▸ **The task**
Repeat the data verbatim, images excluded.

▸ **Data below**
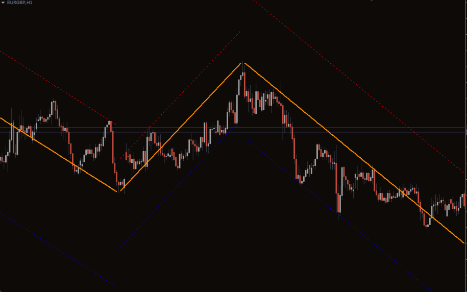 The Zig Zag Channels Indicator functions by mapping out market swings and then forming visual channels around each price leg. These channels represent volatility and slope—two critical aspects of price behavior.
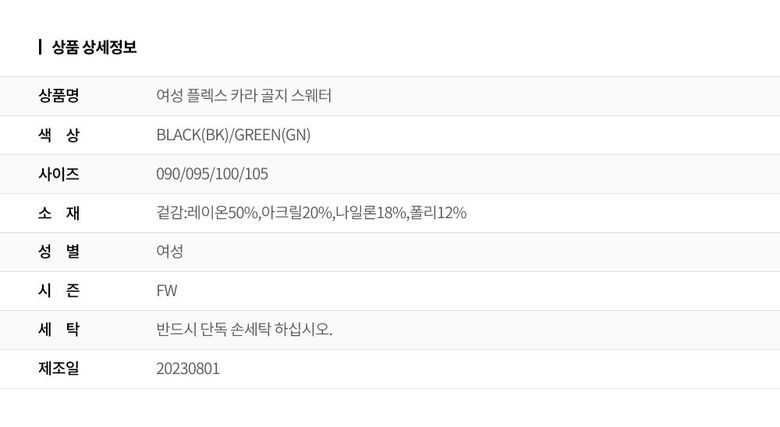| 2. 색상 | BLACK(BK)/GREEN(GN) |
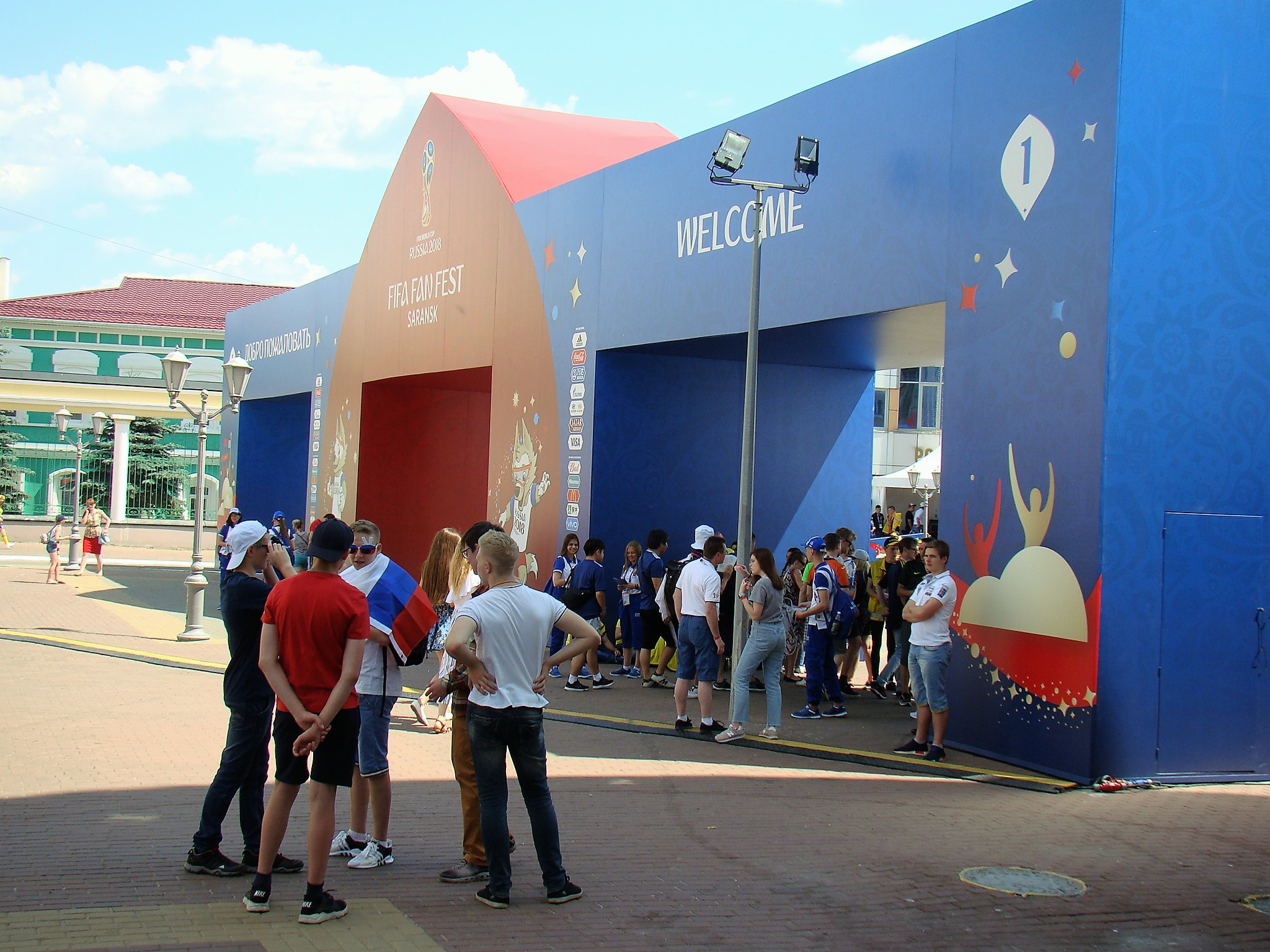 Единственная трудность – это попасть в кафе после матча. Все забито болельщиками. До матча Россия – Египет было много времени и поесть мы успели. Самый важный матч в нашей группе пропустить было нельзя и мы пошли в фан-зону, которая расположилась на центральной площади Саранска. Хорошо, что пошли заранее, потому что саранчане любят футбол и на входе была большая очередь. Досмотр тщательный, но, как и везде, дружелюбный.
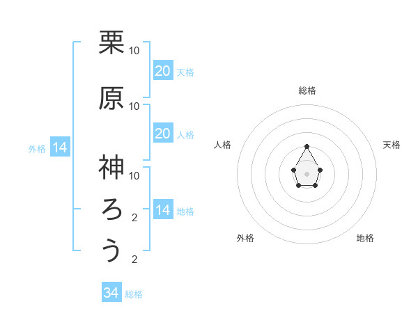 栗原 神ろうさんを姓名の画数から五運を鑑定

▸ **Problem solution**
 The Zig Zag Channels Indicator functions by mapping out market swings and then forming visual channels around each price leg. These channels represent volatility and slope—two critical aspects of price behavior.
| 2. 색상 | BLACK(BK)/GREEN(GN) |
 Единственная трудность – это попасть в кафе после матча. Все забито болельщиками. До матча Россия – Египет было много времени и поесть мы успели. Самый важный матч в нашей группе пропустить было нельзя и мы пошли в фан-зону, которая расположилась на центральной площади Саранска. Хорошо, что пошли заранее, потому что саранчане любят футбол и на входе была большая очередь. Досмотр тщательный, но, как и везде, дружелюбный.
 栗原 神ろうさんを姓名の画数から五運を鑑定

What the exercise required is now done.